* Directions: Without any pictures, print exactly the lines that run from the start of the data through the line containing "2011年2月4日,大年初二".

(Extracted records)
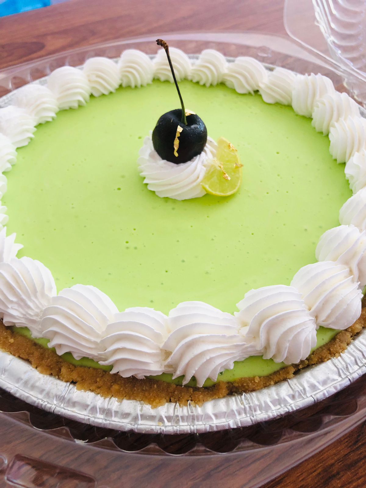 Pay de queso sabor a limón decorado con chantilly y rodajas de limón.
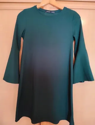 Vestido de manga acampanada. - Color verde intenso. - Diseño moderno y favorecedor.
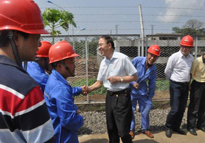 2011年2月4日,大年初二,中国驻赤道几内亚大使王士雄专程走访中国机械工业集团公司和中国葛洲坝水利水电工程集团赤几项目驻地,代表大使馆为广大员工带去兔年的第一份祝福。王大使向节日期间仍然奋斗在工地上的所有工人和公司管理人员致以新春问候,祝愿他们在新的一年里身体健康,事业顺利,平平安安。
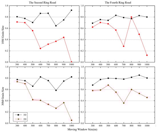 The linear regression accuracy of landscape metrics and LST at 30 m grain size (Figure 9) is also very similar to that of the 10 m grain size. The accuracy of the 3D landscape metrics and LST linear regression increases with the increase of the rectangle size, while the accuracy of the 2D landscape metrics and LST decreased with the increase of the rectangle size, and the accuracy of the second ring road was slightly higher than that of the fourth ring road. The linear regression accuracy of 3D in the second ring area increased from 0.72 to 0.85, and in the fourth ring road increased from 0.60 to 0.83. This phenomenon was similar to the results obtained in Section 3.2.2, indicating that, although the change of research granularity cannot change the overall landscape pattern of the study area, it can describe the landscape pattern of the study area more accurately.
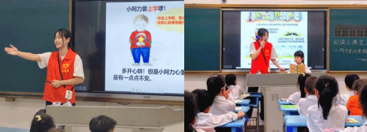 启动仪式后,我院志愿者化身“知识引路人”,带领小学生开启沉浸式阅读之旅。其中,《小阿力的大学校》以温馨故事,讲述小阿力从不安上学到爱上校园的转变,唤起小朋友们对校园生活的向往。文化寓言言简意赅、哲理深刻,以生动情节为小朋友们成长指引方向。
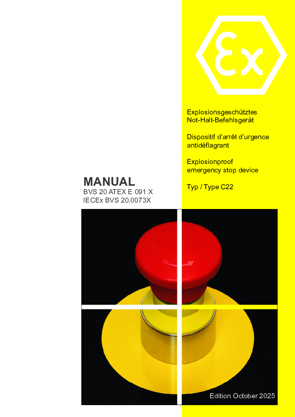 | Manual BVS 20 ATEX E 091 X - Befehlsmeldegeräte C22 | September 2025 | PDF 🢃 | 3.3 MB |
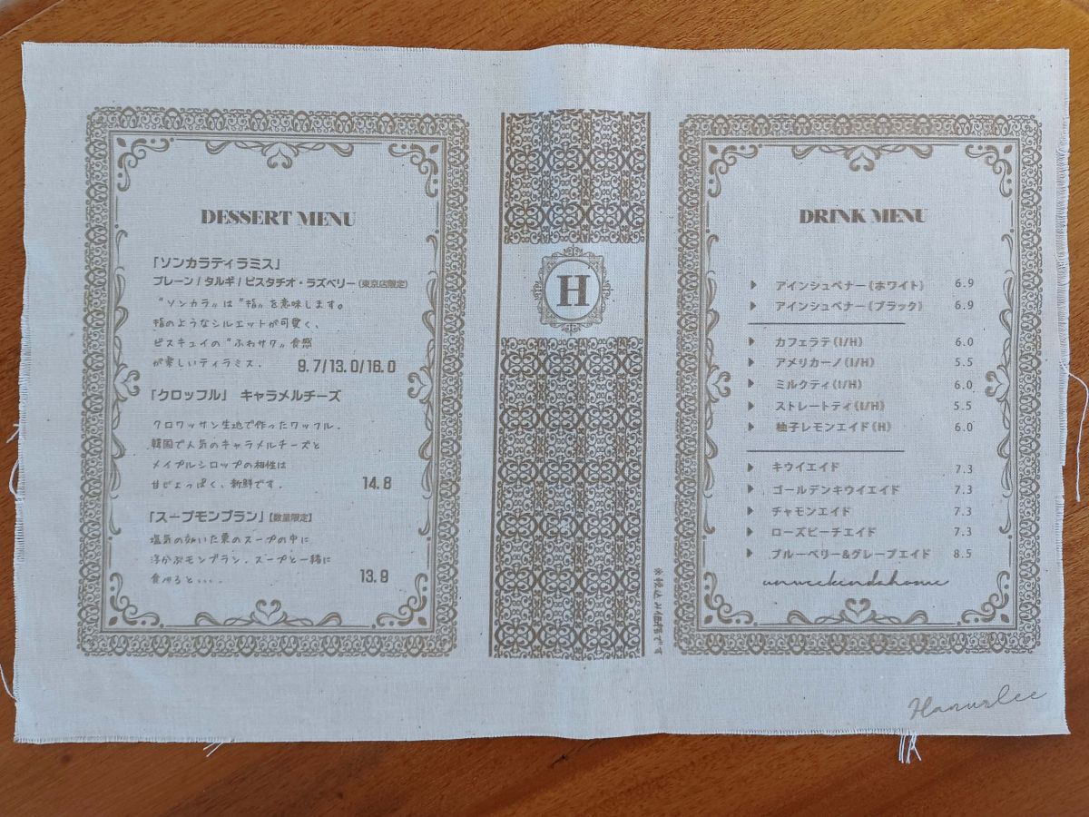 メニュー表を見てみると、なんと布で作られています!どのスイーツにしようか悩む前に、写真を撮ってしまいたくなるかわいさです。
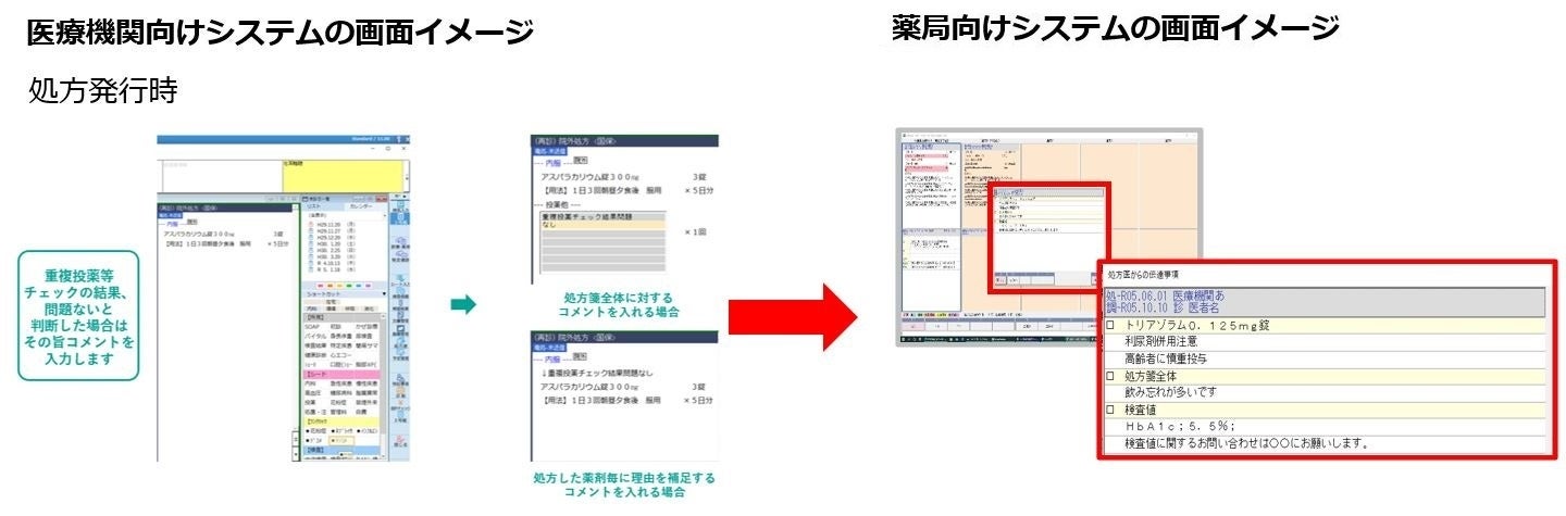 ウィーメックスとWHSは、病院や診療所などの医療機関向けだけでなく、薬局向けにもシステムを提供しています。医療機関と薬局の双方にシステムを提供している強みを生かし、医薬間で伝達事項がある場合にアラートを出す等の独自の価値創出を行っています。
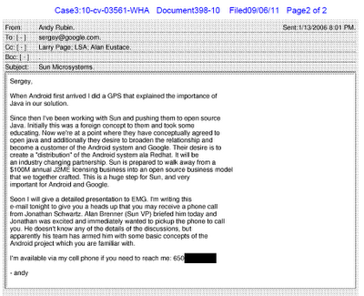 Per quanto riguarda Sun, a screditare Google e metterla in grande difficoltà nel processo contro Oracle sono una serie di mail scambiate fra Andy Rubin, Larry Page e Sergey Brin, in cui sono dettagliatamente descritti i termini del possibile accordo con Sun per le licenze Java, poi sfumato. Le due opzioni che sono state prese in considerazione ai tempi sono state il pagamento delle royalties e la licenza open source.
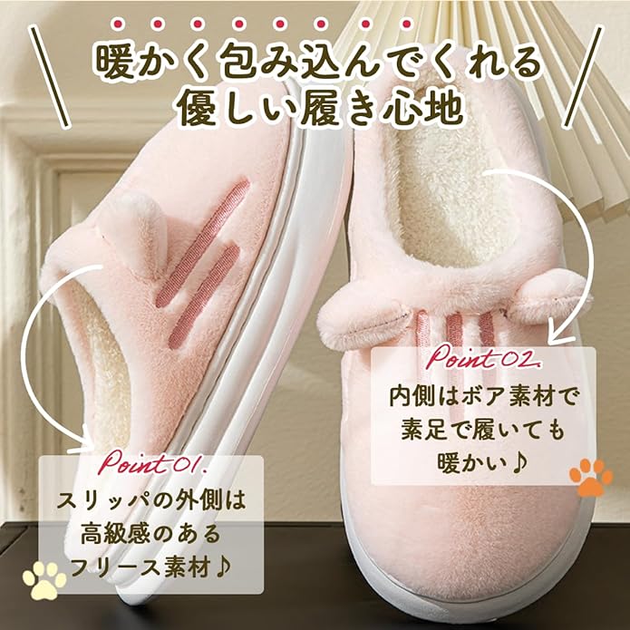 ✅【暖かく包み込んでくれる優しい履き心地】ルームシューズの外側には高級感のあるフリース仕様。内側ボア仕様で素足で履いても暖かいです。
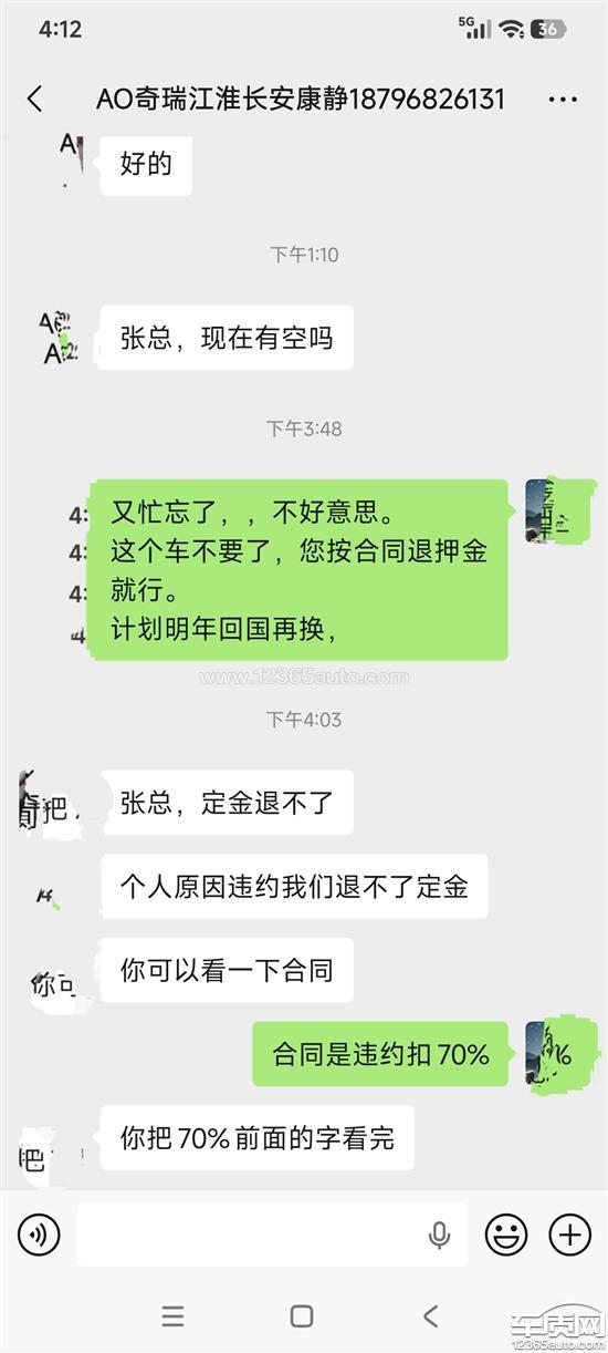 押金不退,对车市不了解,甘愿交学费,贷款安排高利息,接受不了,全款算下来不划算,订金按合同退我30%我都认。权当买教训,结果分文不退,要求处理。
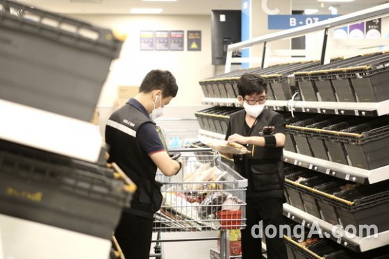 이마트 이천점 PP센터에서 작업자가 DAS에 도착한 상품을 배송 바스켓으로 옮기는 모습.

* Answer below:
 Pay de queso sabor a limón decorado con chantilly y rodajas de limón.
 Vestido de manga acampanada. - Color verde intenso. - Diseño moderno y favorecedor.
 2011年2月4日,大年初二,中国驻赤道几内亚大使王士雄专程走访中国机械工业集团公司和中国葛洲坝水利水电工程集团赤几项目驻地,代表大使馆为广大员工带去兔年的第一份祝福。王大使向节日期间仍然奋斗在工地上的所有工人和公司管理人员致以新春问候,祝愿他们在新的一年里身体健康,事业顺利,平平安安。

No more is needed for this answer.